ACE-Step 1.5 Music Generation

Open-source music generation via tools/music_gen.py.

Cloud providers:

acemusic (default) — Official ACE-Step cloud API with XL Turbo (4B) model + 5Hz LM thinking mode. Free API key from acemusic.ai/api-key. No GPU required.
modal — Self-hosted ACE-Step 2B Turbo on Modal. Requires MODAL_MUSIC_GEN_ENDPOINT_URL.
runpod — Self-hosted ACE-Step 2B Turbo on RunPod.
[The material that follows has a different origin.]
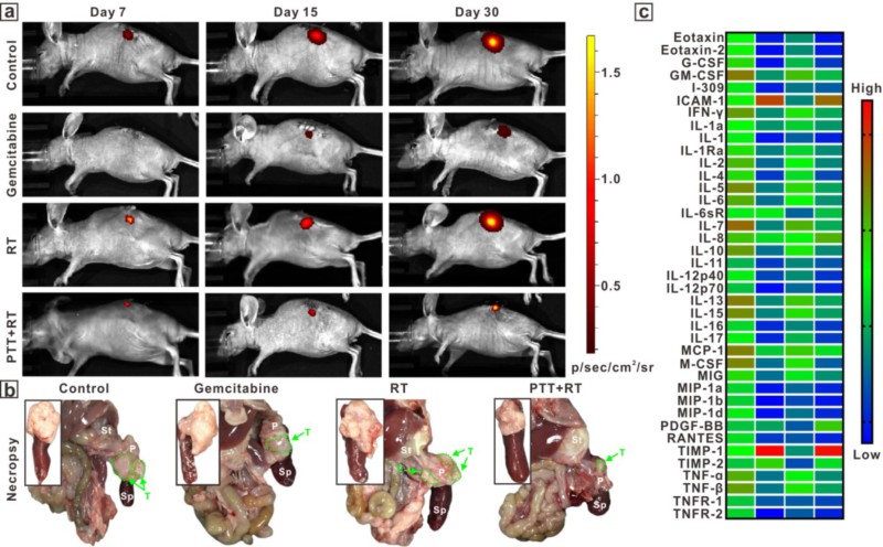 体内研究发现,高转移性的乳腺癌肿瘤模型经放疗后,肿瘤生长受到明显抑制,荷瘤小鼠生存期明显延长(图2b,c),同时肿瘤细胞向肺部和肝部转移也得到很好控制。此外,该纳米聚集体对放疗不敏感的胰腺癌也具有良好的放疗增敏作用(图3)。经光热治疗/放疗联合治疗,胰腺肿瘤体积明显缩小,且相关的生化因子显示,联合治疗后,血液中的炎症因子和相关肿瘤指标数值明显降低,展示出良好的抗肿瘤效果。相关成果“Hypoxia-Targeting, Tumor Microenvironment Responsive Nano-Cluster Bomb for Radical-Enhanced Radiotherapy”已在线发表在ACS Nano(DOI:10.1021/acsnano.7b04737)。霍达博士为论文第一作者,周正扬教授和胡勇教授为该论文的共同通信作者。

Requires RUNPOD_ACESTEP_ENDPOINT_ID.

Setup

# acemusic (recommended — free, best quality, no GPU)
echo "ACEMUSIC_API_KEY=your_key" >> .env
# Get key at https://acemusic.ai/api-key

# Self-hosted (optional fallback)
python tools/music_gen.py --setup             # RunPod
modal deploy docker/modal-music-gen/app.py    # Modal

Quick Reference

# Basic generation (uses acemusic XL Turbo by default)
python tools/music_gen.py --prompt "Upbeat tech corporate" --duration 60 --output bg.mp3

# Generate 4 variations, pick the best
python tools/music_gen.py --prompt "Calm ambient piano" --duration 30 --variations 4 --output ambient.mp3

# Fast mode (disable thinking)
python tools/music_gen.py --no-thinking --prompt "Quick draft" --duration 30 --output draft.mp3

# With musical control
python tools/music_gen.py --prompt "Calm ambient piano" --duration 30 --bpm 72 --key "D Major" --output ambient.mp3

# Scene presets (video production)
python tools/music_gen.py --preset corporate-bg --duration 60 --output bg.mp3
python tools/music_gen.py --preset tension --duration 20 --output problem.mp3
python tools/music_gen.py --preset cta --brand digital-samba --duration 15 --output cta.mp3

# Vocals with lyrics
python tools/music_gen.py --prompt "Indie pop jingle" --lyrics "[verse]\nBuild it better\nShip it faster" --duration 30 --output jingle.mp3

# Cover / style transfer
python tools/music_gen.py --cover --reference theme.mp3 --prompt "Jazz piano version" --duration 60 --output jazz_cover.mp3

# Repaint a weak section
python tools/music_gen.py --repaint --input track.mp3 --repaint-start 15 --repaint-end 25 --prompt "Guitar solo" --output fixed.mp3

# Continue from existing audio
python tools/music_gen.py --continuation --input track.mp3 --prompt "Continue with jazz piano" --output extended.mp3

# Stem extraction
python tools/music_gen.py --extract vocals --input mixed.mp3 --output vocals.mp3

# Fall back to self-hosted
python tools/music_gen.py --cloud modal --prompt "Background music" --duration 60 --output bg.mp3

Fixing "Samey" Output

If generated music sounds repetitive or lacks variety, try these in order:

Use acemusic cloud (default) — the XL Turbo 4B model is significantly more capable than the 2B model on Modal/RunPod
Keep thinking mode on (default for acemusic) — the 5Hz LM enriches sparse prompts into detailed musical descriptions
Generate variations — --variations 4 generates 4 takes, pick the best
Use stochastic inference — --infer-method sde adds randomness (same seed gives different results)
Vary BPM and key across scenes — don't use the same preset for every scene
Write sparser prompts — "Upbeat indie rock" gives the model more creative freedom than a hyper-detailed description
Vary seeds — omit --seed to let each generation be unique

Creating a Song (Step by Step)

1. Instrumental background track (simplest)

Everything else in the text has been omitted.